-- EXERCISE INSTRUCTIONS --
Set the listing down again in full, word for word, with the pictures left out.

-- GIVEN MATERIAL --
.....

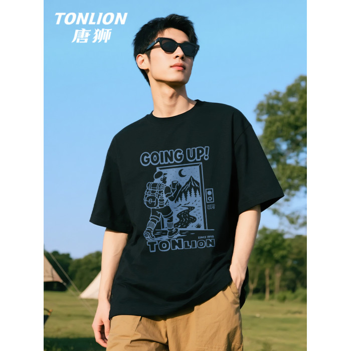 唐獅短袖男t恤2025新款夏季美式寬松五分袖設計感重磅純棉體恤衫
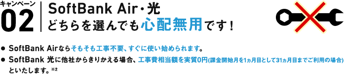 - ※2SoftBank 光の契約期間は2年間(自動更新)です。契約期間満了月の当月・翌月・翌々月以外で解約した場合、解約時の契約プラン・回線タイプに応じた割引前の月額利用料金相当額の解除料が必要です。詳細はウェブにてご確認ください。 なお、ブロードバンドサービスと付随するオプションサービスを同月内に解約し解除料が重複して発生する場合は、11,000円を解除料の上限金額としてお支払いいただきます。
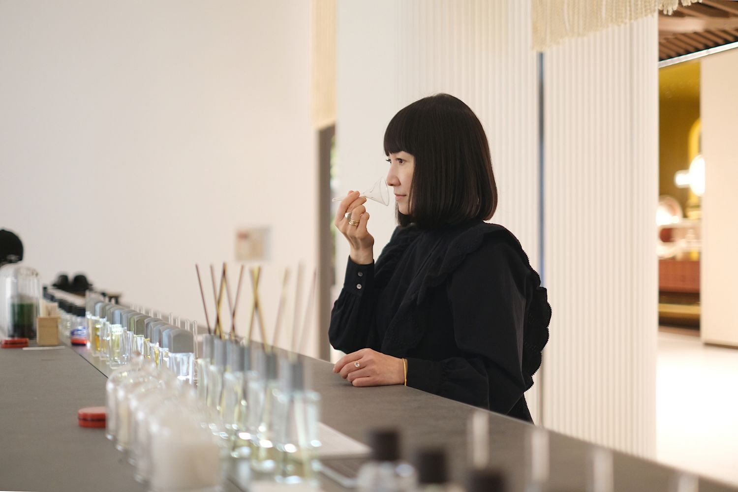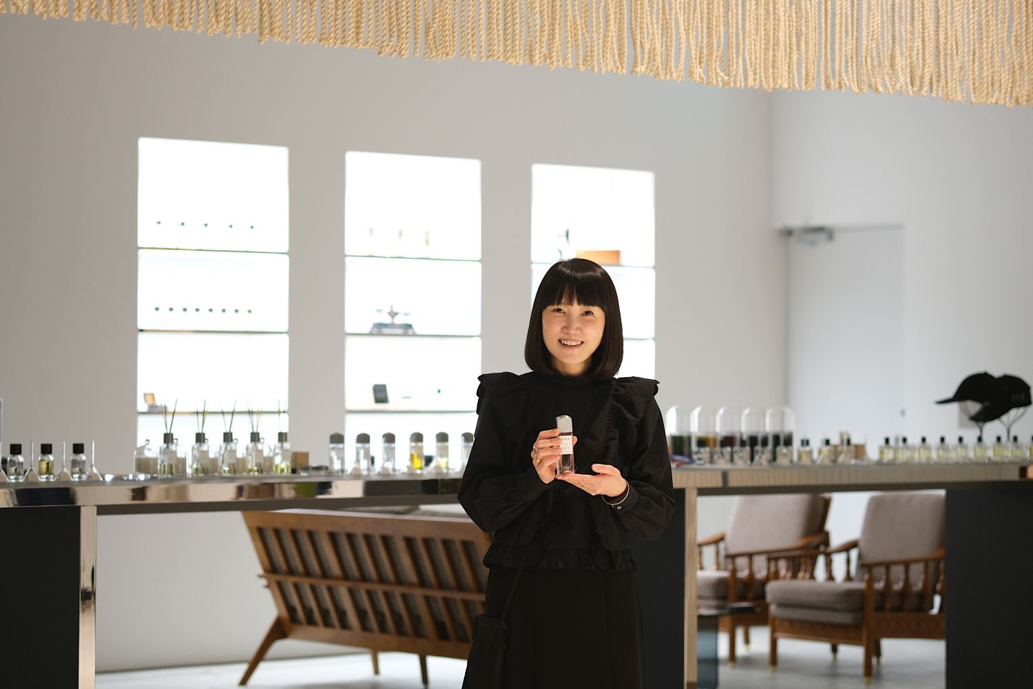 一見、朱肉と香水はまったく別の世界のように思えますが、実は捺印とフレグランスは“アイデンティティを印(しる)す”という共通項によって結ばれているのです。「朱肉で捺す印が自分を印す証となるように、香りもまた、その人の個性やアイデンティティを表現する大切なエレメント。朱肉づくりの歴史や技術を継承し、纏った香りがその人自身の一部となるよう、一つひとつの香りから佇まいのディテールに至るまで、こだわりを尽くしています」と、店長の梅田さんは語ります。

.....

-- FINISHED EXERCISE --
 唐獅短袖男t恤2025新款夏季美式寬松五分袖設計感重磅純棉體恤衫
 - ※2SoftBank 光の契約期間は2年間(自動更新)です。契約期間満了月の当月・翌月・翌々月以外で解約した場合、解約時の契約プラン・回線タイプに応じた割引前の月額利用料金相当額の解除料が必要です。詳細はウェブにてご確認ください。 なお、ブロードバンドサービスと付随するオプションサービスを同月内に解約し解除料が重複して発生する場合は、11,000円を解除料の上限金額としてお支払いいただきます。
 一見、朱肉と香水はまったく別の世界のように思えますが、実は捺印とフレグランスは“アイデンティティを印(しる)す”という共通項によって結ばれているのです。「朱肉で捺す印が自分を印す証となるように、香りもまた、その人の個性やアイデンティティを表現する大切なエレメント。朱肉づくりの歴史や技術を継承し、纏った香りがその人自身の一部となるよう、一つひとつの香りから佇まいのディテールに至るまで、こだわりを尽くしています」と、店長の梅田さんは語ります。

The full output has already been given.